## Exercise inputs
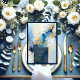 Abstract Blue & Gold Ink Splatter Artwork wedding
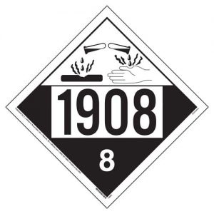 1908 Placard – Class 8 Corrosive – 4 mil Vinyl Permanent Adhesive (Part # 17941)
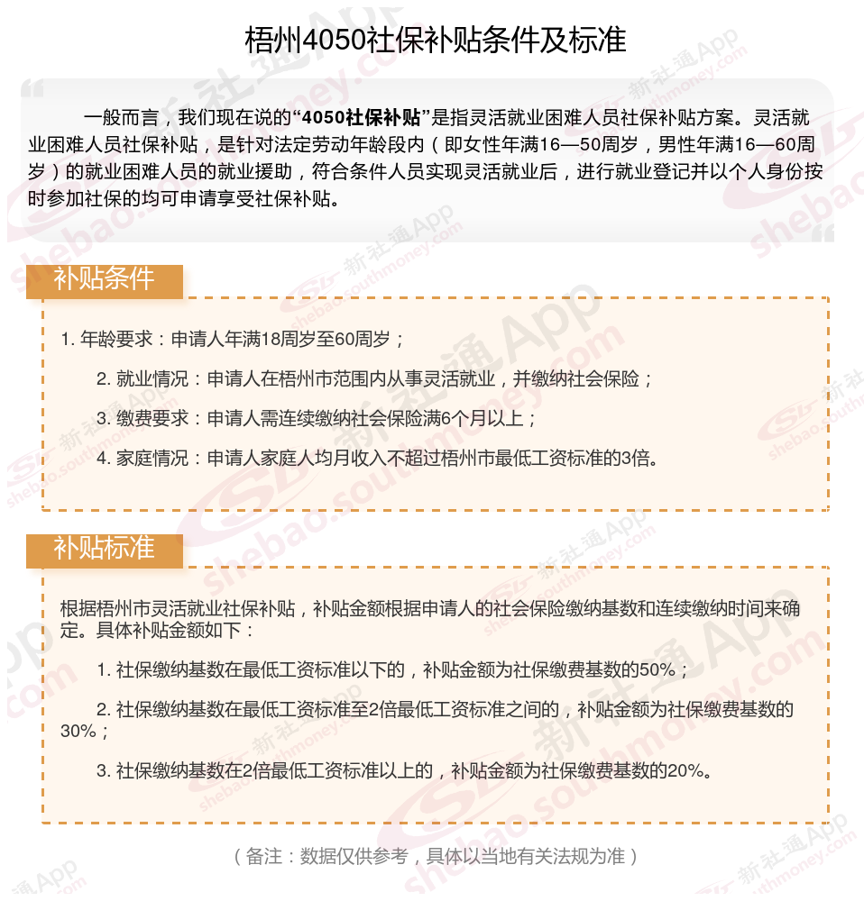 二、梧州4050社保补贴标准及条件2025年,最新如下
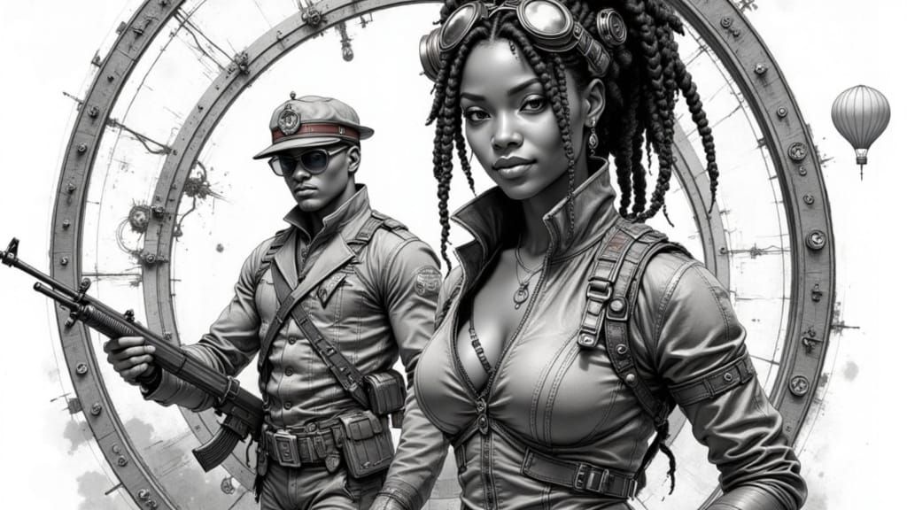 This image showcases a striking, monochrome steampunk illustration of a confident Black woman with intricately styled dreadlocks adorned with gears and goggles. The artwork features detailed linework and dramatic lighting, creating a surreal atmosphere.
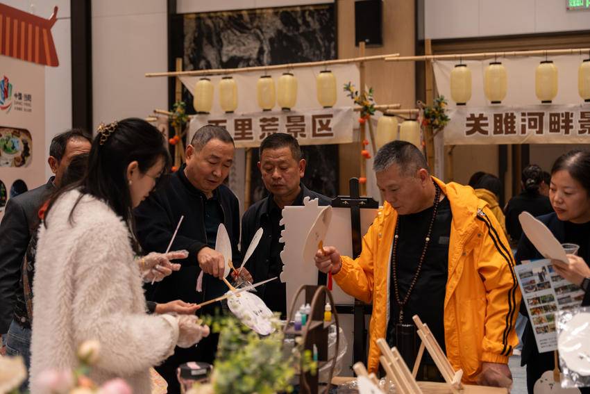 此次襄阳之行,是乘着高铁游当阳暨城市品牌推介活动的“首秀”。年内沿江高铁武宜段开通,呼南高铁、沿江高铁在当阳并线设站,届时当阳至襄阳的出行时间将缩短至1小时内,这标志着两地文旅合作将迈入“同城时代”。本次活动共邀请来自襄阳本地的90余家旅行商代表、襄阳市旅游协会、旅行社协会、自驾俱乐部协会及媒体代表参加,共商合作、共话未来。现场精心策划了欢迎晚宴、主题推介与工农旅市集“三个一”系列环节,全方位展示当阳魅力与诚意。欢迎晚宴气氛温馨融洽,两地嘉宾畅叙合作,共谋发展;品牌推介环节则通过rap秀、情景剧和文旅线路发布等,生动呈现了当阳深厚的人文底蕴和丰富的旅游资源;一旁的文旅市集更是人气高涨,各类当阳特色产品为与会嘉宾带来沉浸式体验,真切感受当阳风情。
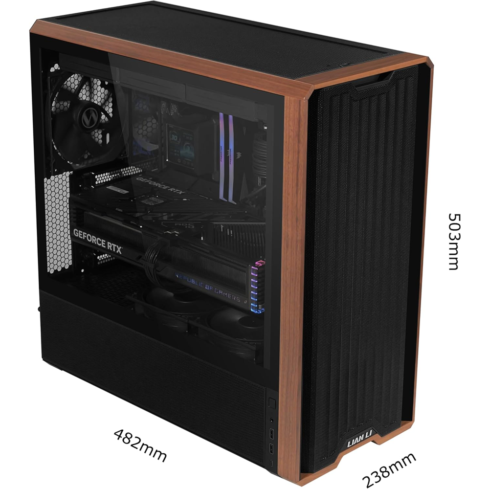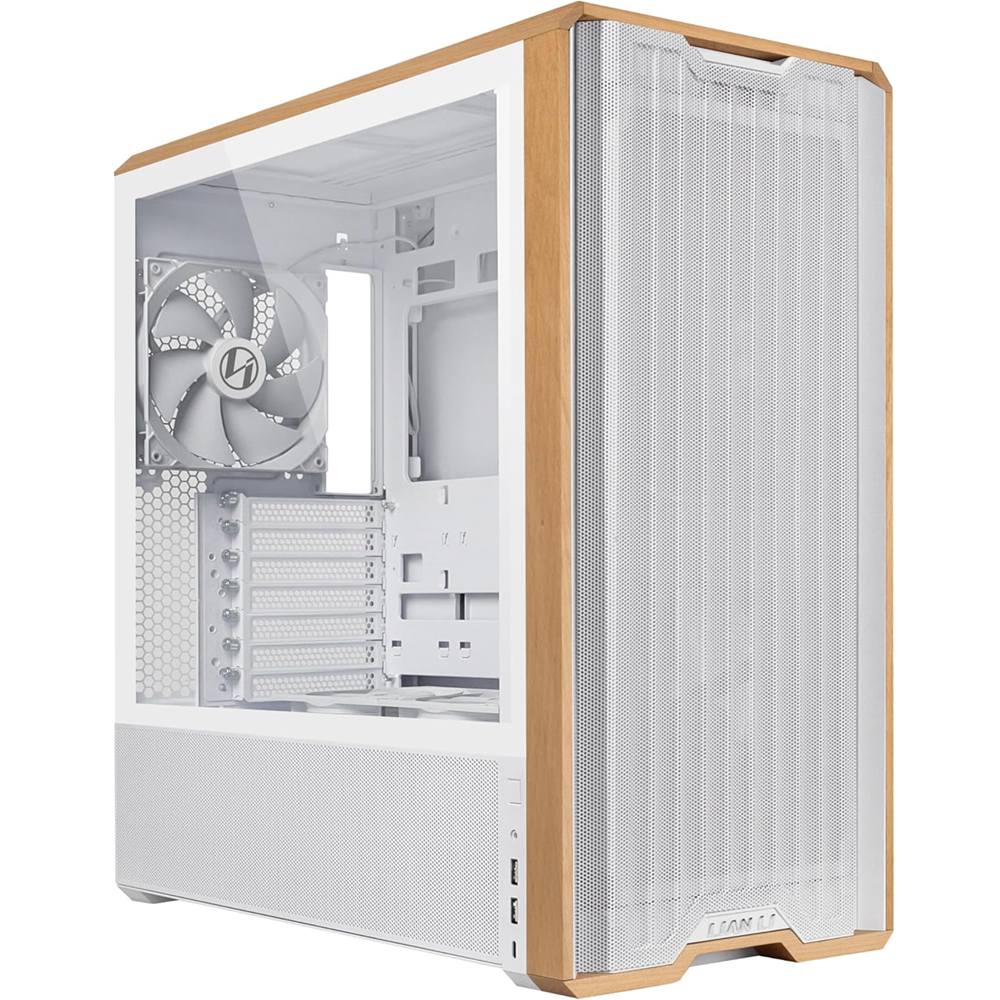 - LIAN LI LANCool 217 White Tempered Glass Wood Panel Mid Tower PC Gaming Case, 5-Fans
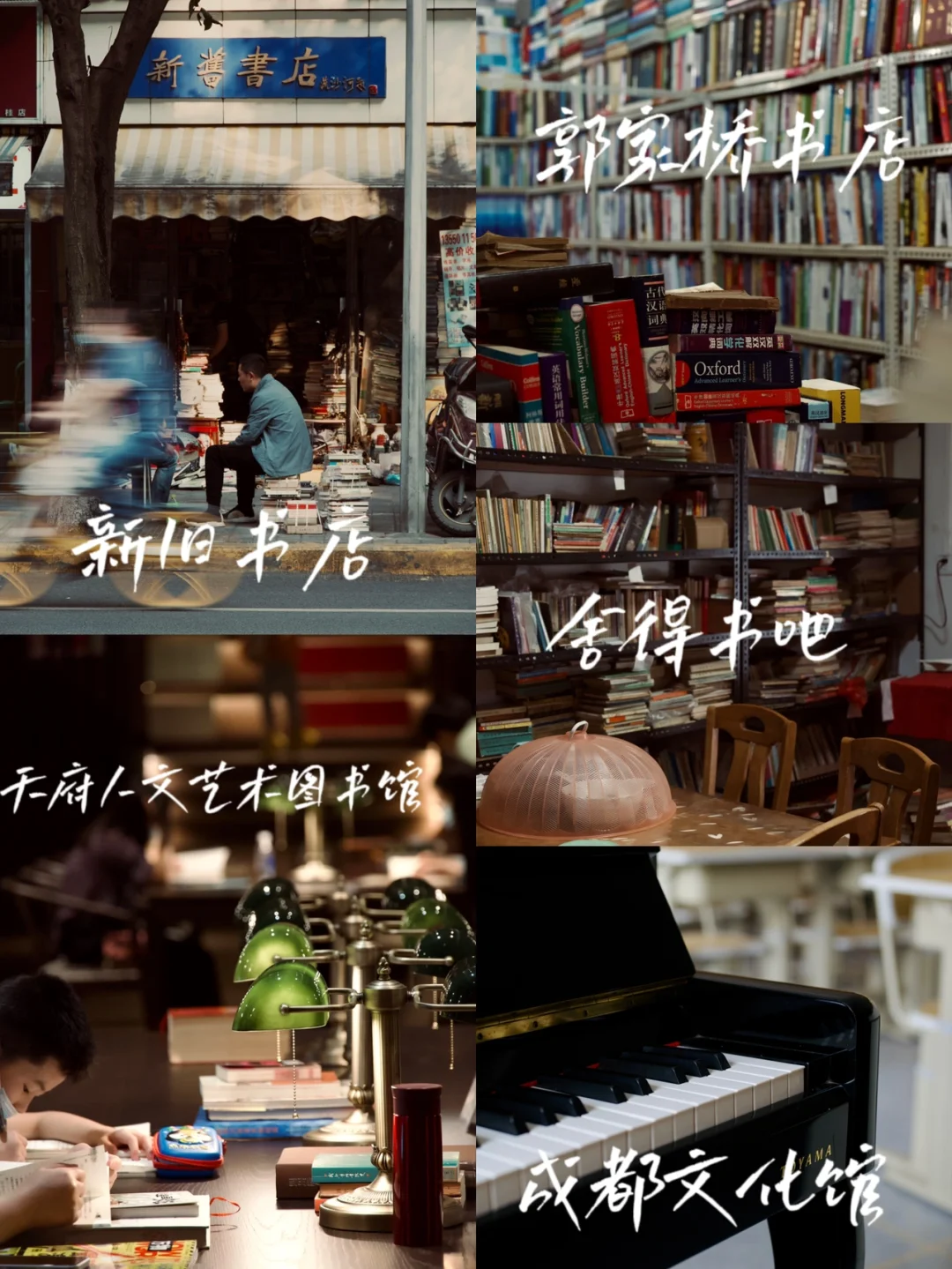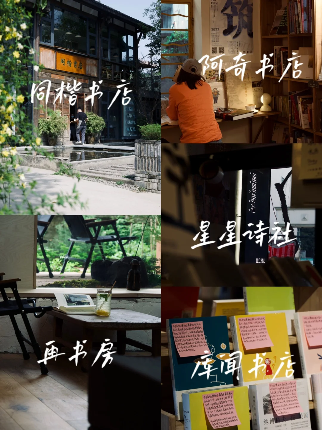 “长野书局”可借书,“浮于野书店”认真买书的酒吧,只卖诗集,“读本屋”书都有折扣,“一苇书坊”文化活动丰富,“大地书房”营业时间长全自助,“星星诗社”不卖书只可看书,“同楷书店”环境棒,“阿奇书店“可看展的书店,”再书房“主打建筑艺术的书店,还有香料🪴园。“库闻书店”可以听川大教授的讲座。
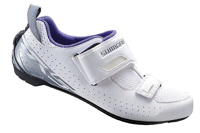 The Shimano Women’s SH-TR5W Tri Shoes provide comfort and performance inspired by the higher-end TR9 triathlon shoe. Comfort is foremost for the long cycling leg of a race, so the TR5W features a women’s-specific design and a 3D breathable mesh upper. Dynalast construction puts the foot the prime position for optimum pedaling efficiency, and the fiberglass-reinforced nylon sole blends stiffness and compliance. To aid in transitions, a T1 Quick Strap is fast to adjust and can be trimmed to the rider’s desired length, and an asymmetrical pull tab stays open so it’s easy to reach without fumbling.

## What to do
With pictures excluded, restate word for word the lines from the one that contains "此次襄阳之行,是乘着高铁游当" through the end of the material, inclusive, and nothing more.

## Expected answer
 此次襄阳之行,是乘着高铁游当阳暨城市品牌推介活动的“首秀”。年内沿江高铁武宜段开通,呼南高铁、沿江高铁在当阳并线设站,届时当阳至襄阳的出行时间将缩短至1小时内,这标志着两地文旅合作将迈入“同城时代”。本次活动共邀请来自襄阳本地的90余家旅行商代表、襄阳市旅游协会、旅行社协会、自驾俱乐部协会及媒体代表参加,共商合作、共话未来。现场精心策划了欢迎晚宴、主题推介与工农旅市集“三个一”系列环节,全方位展示当阳魅力与诚意。欢迎晚宴气氛温馨融洽,两地嘉宾畅叙合作,共谋发展;品牌推介环节则通过rap秀、情景剧和文旅线路发布等,生动呈现了当阳深厚的人文底蕴和丰富的旅游资源;一旁的文旅市集更是人气高涨,各类当阳特色产品为与会嘉宾带来沉浸式体验,真切感受当阳风情。
 - LIAN LI LANCool 217 White Tempered Glass Wood Panel Mid Tower PC Gaming Case, 5-Fans
 “长野书局”可借书,“浮于野书店”认真买书的酒吧,只卖诗集,“读本屋”书都有折扣,“一苇书坊”文化活动丰富,“大地书房”营业时间长全自助,“星星诗社”不卖书只可看书,“同楷书店”环境棒,“阿奇书店“可看展的书店,”再书房“主打建筑艺术的书店,还有香料🪴园。“库闻书店”可以听川大教授的讲座。
 The Shimano Women’s SH-TR5W Tri Shoes provide comfort and performance inspired by the higher-end TR9 triathlon shoe. Comfort is foremost for the long cycling leg of a race, so the TR5W features a women’s-specific design and a 3D breathable mesh upper. Dynalast construction puts the foot the prime position for optimum pedaling efficiency, and the fiberglass-reinforced nylon sole blends stiffness and compliance. To aid in transitions, a T1 Quick Strap is fast to adjust and can be trimmed to the rider’s desired length, and an asymmetrical pull tab stays open so it’s easy to reach without fumbling.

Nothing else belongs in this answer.